### Supplied material
:::

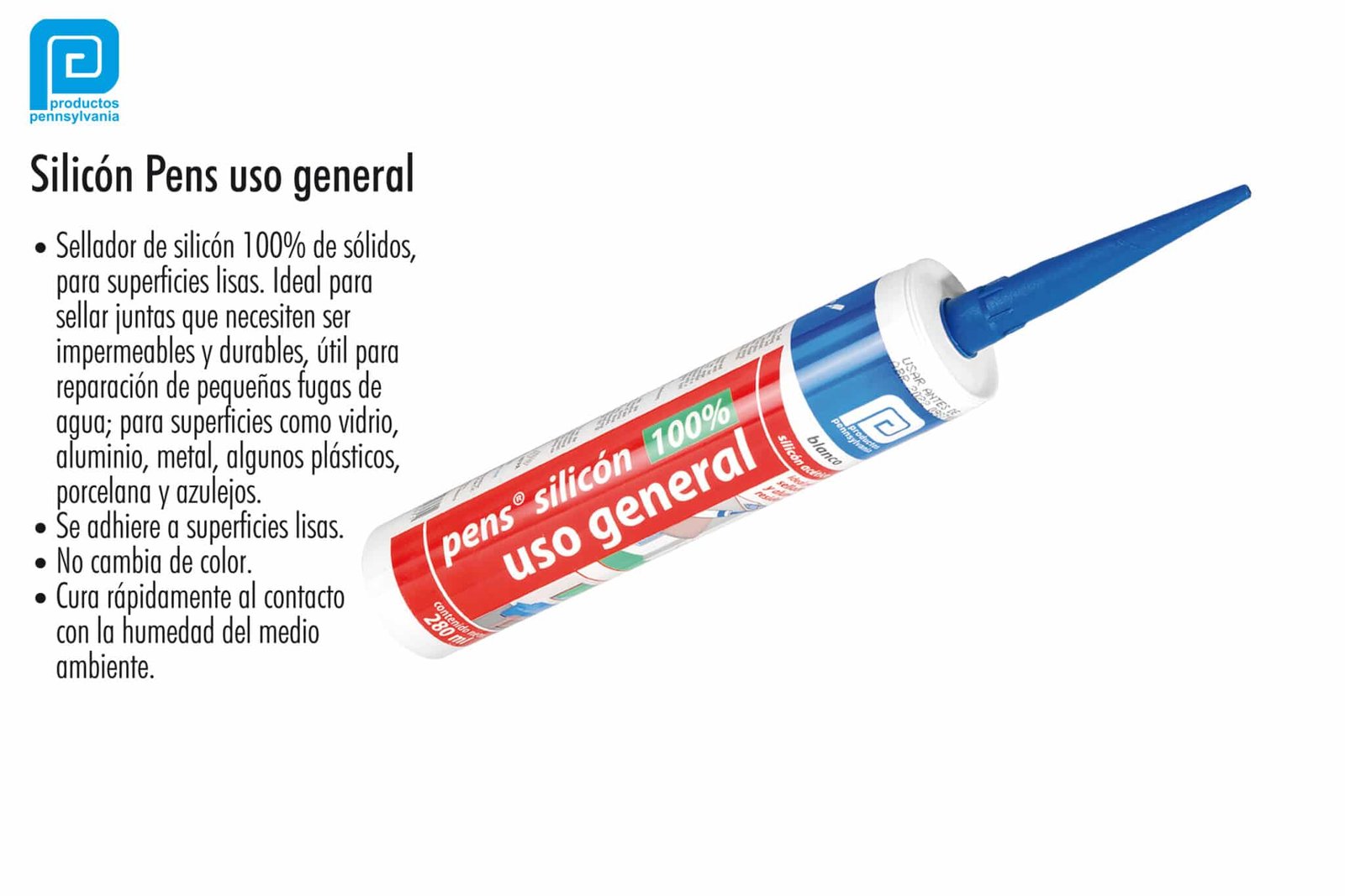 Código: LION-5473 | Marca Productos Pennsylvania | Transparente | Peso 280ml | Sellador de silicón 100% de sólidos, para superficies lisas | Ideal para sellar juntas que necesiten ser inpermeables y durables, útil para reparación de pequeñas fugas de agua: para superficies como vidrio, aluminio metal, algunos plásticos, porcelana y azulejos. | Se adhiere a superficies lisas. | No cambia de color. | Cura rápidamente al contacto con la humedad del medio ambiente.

:::

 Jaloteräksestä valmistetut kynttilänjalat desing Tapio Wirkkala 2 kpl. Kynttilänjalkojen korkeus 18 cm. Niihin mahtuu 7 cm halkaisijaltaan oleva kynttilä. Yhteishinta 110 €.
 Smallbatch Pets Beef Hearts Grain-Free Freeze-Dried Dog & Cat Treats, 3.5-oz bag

:::

### Aim of the exercise
Restate word for word only the lines above from the line containing "Jaloteräksestä valmistetut kynttilänjalat" to the line containing "Smallbatch Pets Beef", both of them included.

### Answer to the problem
 Jaloteräksestä valmistetut kynttilänjalat desing Tapio Wirkkala 2 kpl. Kynttilänjalkojen korkeus 18 cm. Niihin mahtuu 7 cm halkaisijaltaan oleva kynttilä. Yhteishinta 110 €.
 Smallbatch Pets Beef Hearts Grain-Free Freeze-Dried Dog & Cat Treats, 3.5-oz bag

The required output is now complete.